▶ **Work task**: Every line below needs to be printed again exactly, without any of its pictures.

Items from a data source
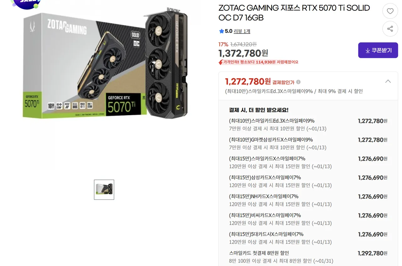 | 11번가 | ZOTAC GAMING 지포스 RTX 5070 Ti SOLID OC D7 16GB | 1,412,650원 | 11번가 최저가 검색 결과(배송비 무료) |
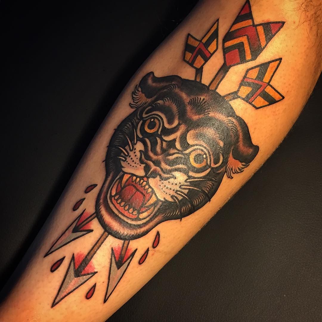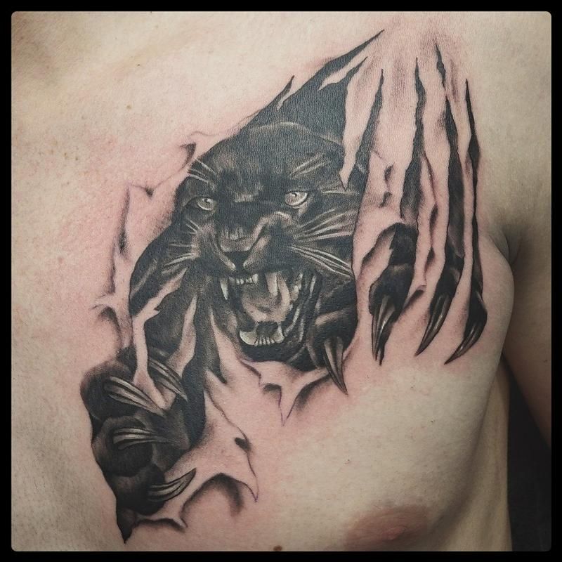 В татуировках пантеры всегда изображаются на охоте. Их низкая стойка и проницательный взгляд дают ощущение опасности и волнения, которые лучше всего можно уловить, если татуировка расположена поверх основной группы мышц. Таким образом, каждое подергивание и поворот создает иллюзию движения татуировки, что добавляет привлекательности вашему боди-арту.
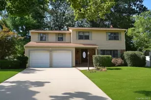 Welcome to this spacious 4 bedroom, 2.5 bath colonial located in the desirable Hauppauge School District. Offering approximately 2,300 square feet of living space, this home features a formal living room, formal dining room, and an eat in kitchen equipped with gas cooking and stainless refrigerator. The family room provides a comfortable space for everyday living, and hardwood and vinyl flooring run throughout the home. The primary bedroom includes an en-suite bathroom and 2 walk-in closets, adding comfort and convenience. Additional highlights include a full, unfinished basement, a full attic, and a 2-car attached garage. The home is equipped with central air conditioning (1 zone), a Weil-McLain natural gas heating system with 2-zone baseboard heat, a separate water heater, and a 200-amp electric service. Outdoor features include a rear deck perfect for relaxing or entertaining, and a cesspool (recently serviced) with an overflow system. The roof is approximately 15 years old. This is a fantastic opportunity to own a well maintained & versatile home in a great location close to schools, parks, and amenities.
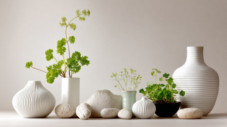 White ceramics and green plants create a simple skincare display on a light surface. Rocks add an organic touch to the spring-inspired arrangement.
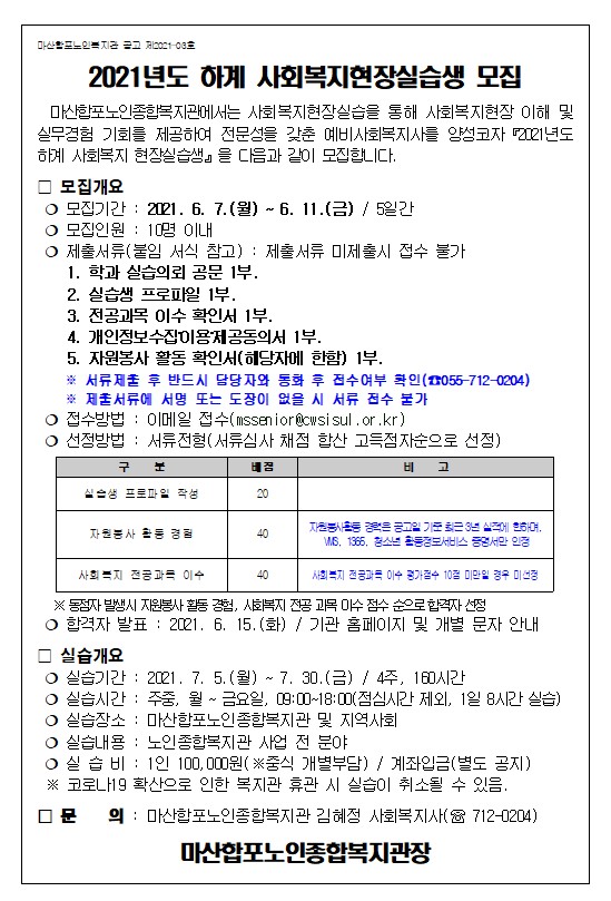 마산합포노인복지관 2021년 하계 사회복지 현장 실습생 모집 안내 공고입니다.
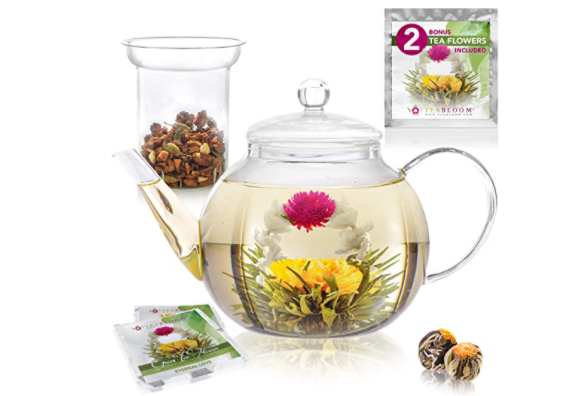 This glass pot has impressed my guests at every gathering! This set includes not only a great teapot that can be used to brew regular tea, but also has two blooming tea balls that open up and blossom into a gorgeous flower as the tea brews.
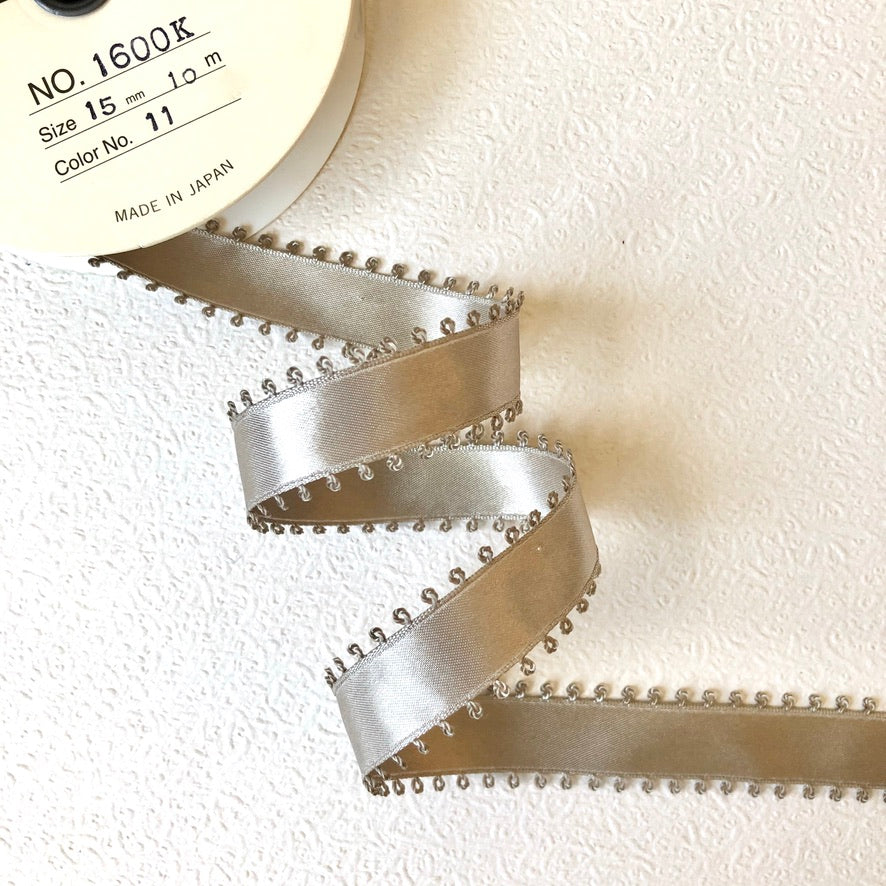 Gorgeous double faced satin ribbon by Mokuba of Japan with dainty picot edges.
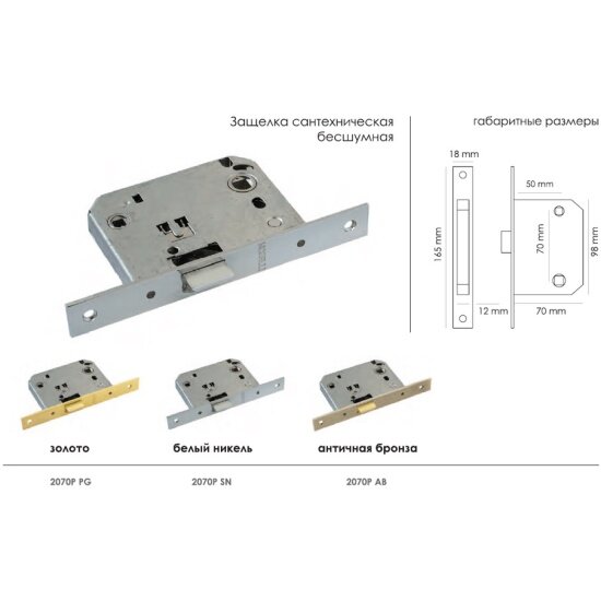 Защелка бесшумная сантехническая Morelli 2070P PG золото, пластиковый язычок
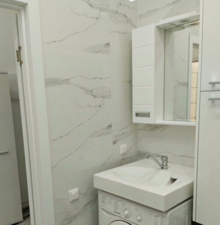 В Ванной комнате - есть все что нужно для максимального удобства, в т. ч. стиральная машинка, регулируемый теплый пол, гигиенический душ, стильная раковина над стиральной машиной, керамогранит Кеrаmа Маrаzzi, но главное - большая угловая Ванна 170х110 см на двоих!
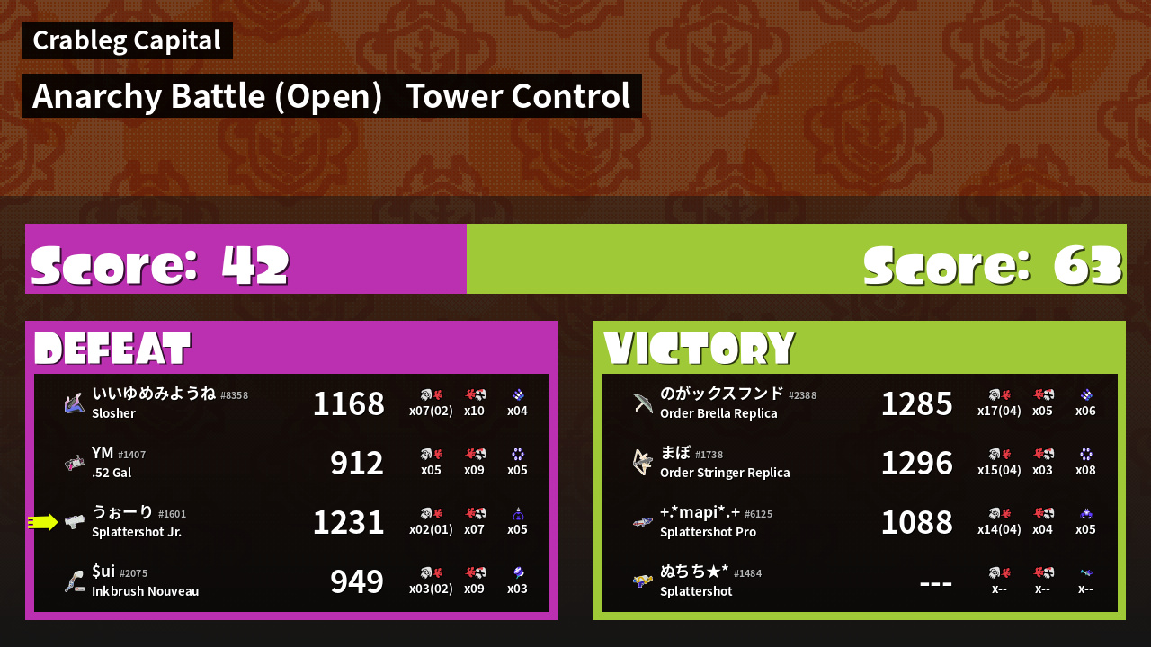 | Mode | Tower Control - Anarchy Battle (Open) | ||
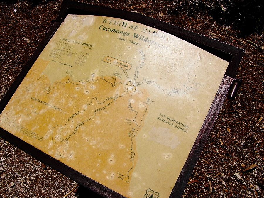 | Icehouse Canyon Trail: Closeup of the USFS trail info sign at the Saddle taken on a June 13, 2008 hike. Photo by Bob Dollins |
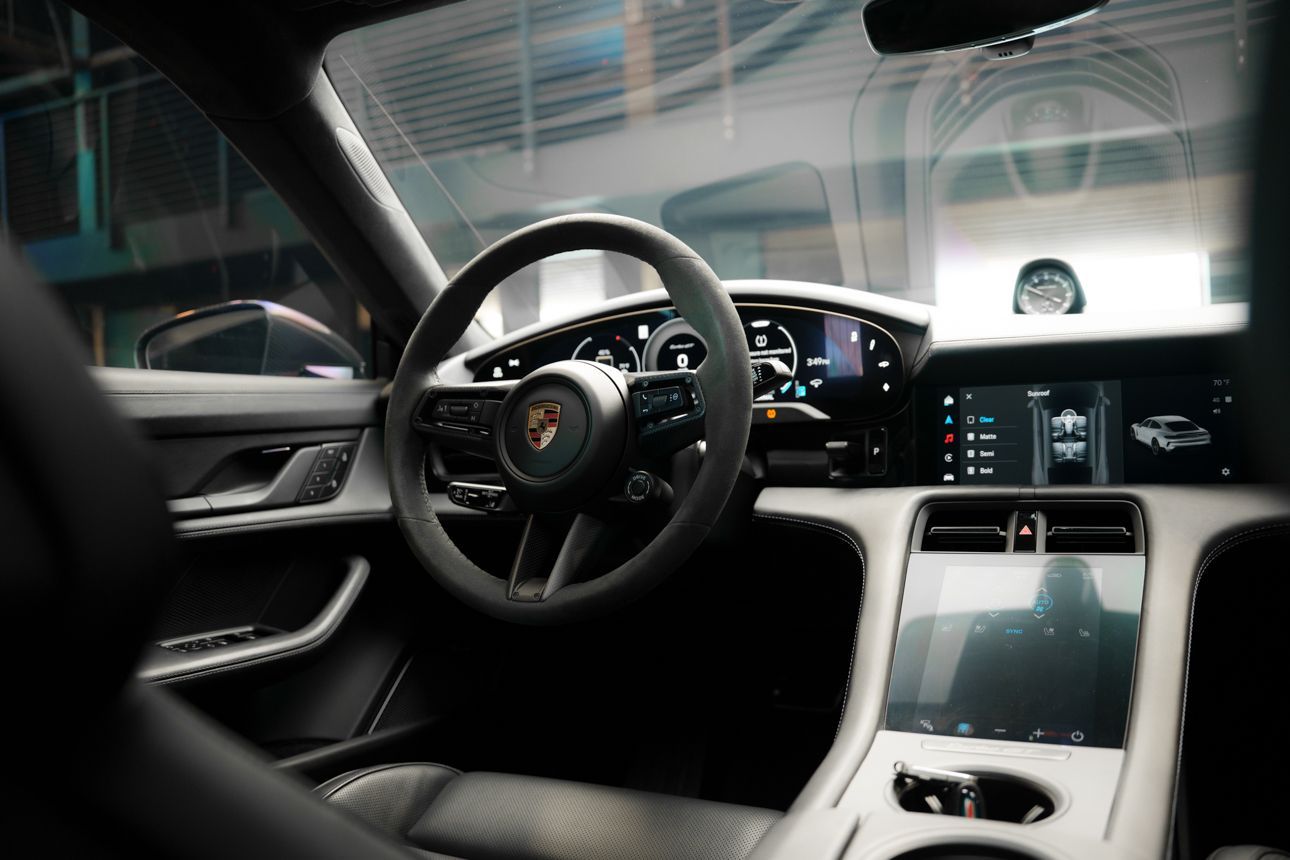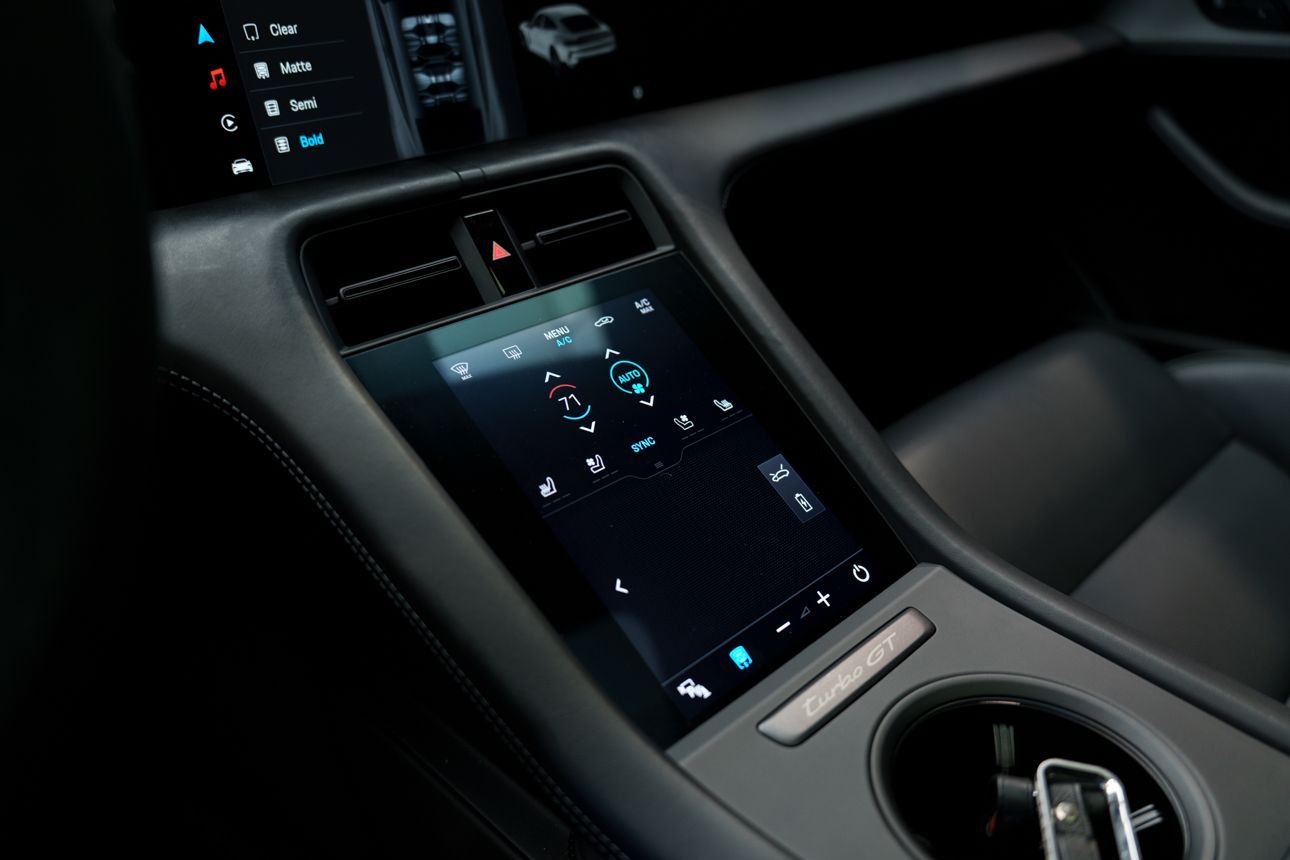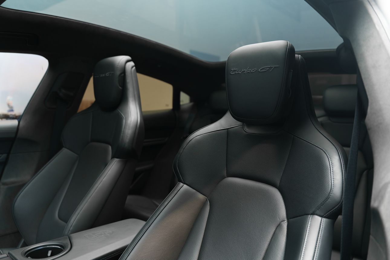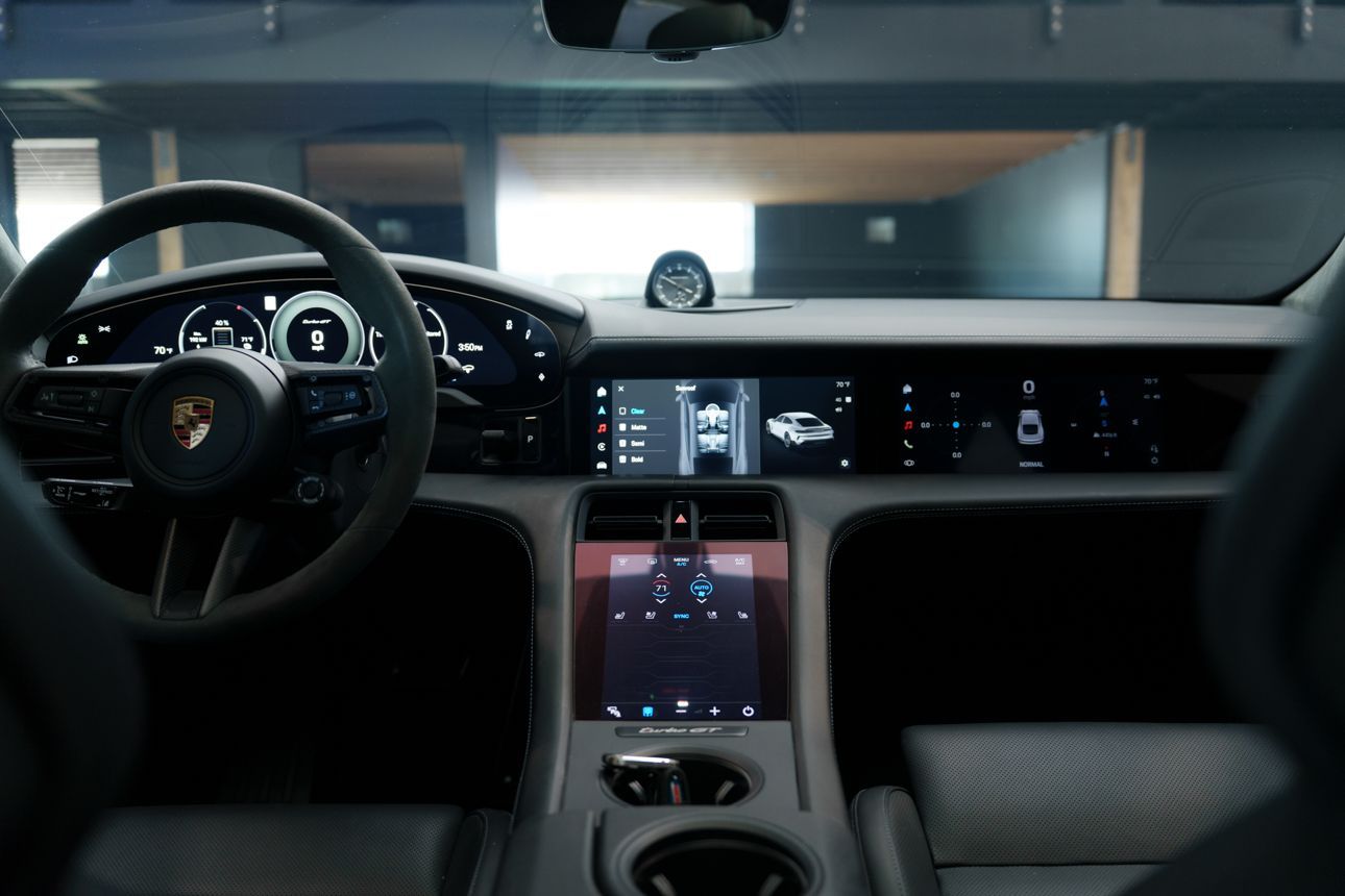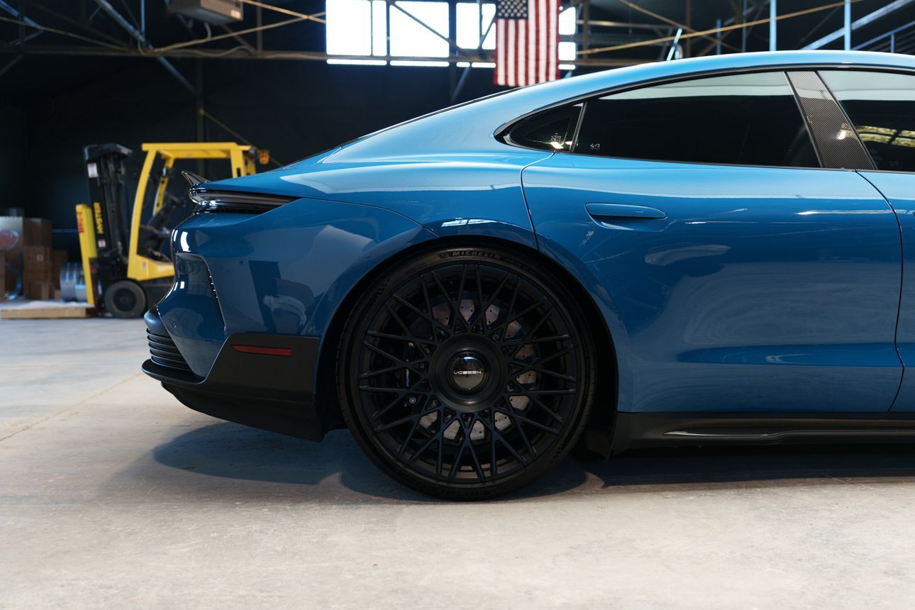 Finished in Paint to Sample Oslo Blue over Black Leather, this one-owner 2025 Porsche Taycan Turbo GT shows just 2,050 miles and carries an original MSRP of $276k! It presents extremely well and has been protected with front end paint protection film and ceramic window tint. Factory options include Porsche Ceramic Composite Brakes (PCCB), Panoramic Roof with Variable Light Control, and HD Matrix Design LED headlights in Glacier Blue, this example offers a strong performance-focused spec with the right visual upgrades. It now sits on a set of aftermarket Vossen wheels, giving it a more aggressive stance! Inside, it's well equipped with Burmester 3D High-End Surround Sound, Passenger Display, Head-Up Display, and Surround View, along with a full deviated stitching interior package, leather dash and center console, and heated/ventilated front seats. Complete with 2 keys, this is a clean, well-optioned Turbo GT that strikes a great balance between performance, spec, and overall presence. At Makes & Models, we make financing simple for both in- and out-of-state buyers. Our team specializes in open and enclosed transport and can arrange financing for up to 144 months, with rates starting at 4.99%. Whether using your own lender or one of our trusted partners, we handle all paperwork electronically to get you into your vehicle quickly and confidently. To learn more, call or text our team at 801-546-2277!

▶ **Answer for this exercise**:
 | 11번가 | ZOTAC GAMING 지포스 RTX 5070 Ti SOLID OC D7 16GB | 1,412,650원 | 11번가 최저가 검색 결과(배송비 무료) |
 В татуировках пантеры всегда изображаются на охоте. Их низкая стойка и проницательный взгляд дают ощущение опасности и волнения, которые лучше всего можно уловить, если татуировка расположена поверх основной группы мышц. Таким образом, каждое подергивание и поворот создает иллюзию движения татуировки, что добавляет привлекательности вашему боди-арту.
 Welcome to this spacious 4 bedroom, 2.5 bath colonial located in the desirable Hauppauge School District. Offering approximately 2,300 square feet of living space, this home features a formal living room, formal dining room, and an eat in kitchen equipped with gas cooking and stainless refrigerator. The family room provides a comfortable space for everyday living, and hardwood and vinyl flooring run throughout the home. The primary bedroom includes an en-suite bathroom and 2 walk-in closets, adding comfort and convenience. Additional highlights include a full, unfinished basement, a full attic, and a 2-car attached garage. The home is equipped with central air conditioning (1 zone), a Weil-McLain natural gas heating system with 2-zone baseboard heat, a separate water heater, and a 200-amp electric service. Outdoor features include a rear deck perfect for relaxing or entertaining, and a cesspool (recently serviced) with an overflow system. The roof is approximately 15 years old. This is a fantastic opportunity to own a well maintained & versatile home in a great location close to schools, parks, and amenities.
 White ceramics and green plants create a simple skincare display on a light surface. Rocks add an organic touch to the spring-inspired arrangement.
 마산합포노인복지관 2021년 하계 사회복지 현장 실습생 모집 안내 공고입니다.
 This glass pot has impressed my guests at every gathering! This set includes not only a great teapot that can be used to brew regular tea, but also has two blooming tea balls that open up and blossom into a gorgeous flower as the tea brews.
 Gorgeous double faced satin ribbon by Mokuba of Japan with dainty picot edges.
 Защелка бесшумная сантехническая Morelli 2070P PG золото, пластиковый язычок
 В Ванной комнате - есть все что нужно для максимального удобства, в т. ч. стиральная машинка, регулируемый теплый пол, гигиенический душ, стильная раковина над стиральной машиной, керамогранит Кеrаmа Маrаzzi, но главное - большая угловая Ванна 170х110 см на двоих!
 | Mode | Tower Control - Anarchy Battle (Open) | ||
 | Icehouse Canyon Trail: Closeup of the USFS trail info sign at the Saddle taken on a June 13, 2008 hike. Photo by Bob Dollins |
 Finished in Paint to Sample Oslo Blue over Black Leather, this one-owner 2025 Porsche Taycan Turbo GT shows just 2,050 miles and carries an original MSRP of $276k! It presents extremely well and has been protected with front end paint protection film and ceramic window tint. Factory options include Porsche Ceramic Composite Brakes (PCCB), Panoramic Roof with Variable Light Control, and HD Matrix Design LED headlights in Glacier Blue, this example offers a strong performance-focused spec with the right visual upgrades. It now sits on a set of aftermarket Vossen wheels, giving it a more aggressive stance! Inside, it's well equipped with Burmester 3D High-End Surround Sound, Passenger Display, Head-Up Display, and Surround View, along with a full deviated stitching interior package, leather dash and center console, and heated/ventilated front seats. Complete with 2 keys, this is a clean, well-optioned Turbo GT that strikes a great balance between performance, spec, and overall presence. At Makes & Models, we make financing simple for both in- and out-of-state buyers. Our team specializes in open and enclosed transport and can arrange financing for up to 144 months, with rates starting at 4.99%. Whether using your own lender or one of our trusted partners, we handle all paperwork electronically to get you into your vehicle quickly and confidently. To learn more, call or text our team at 801-546-2277!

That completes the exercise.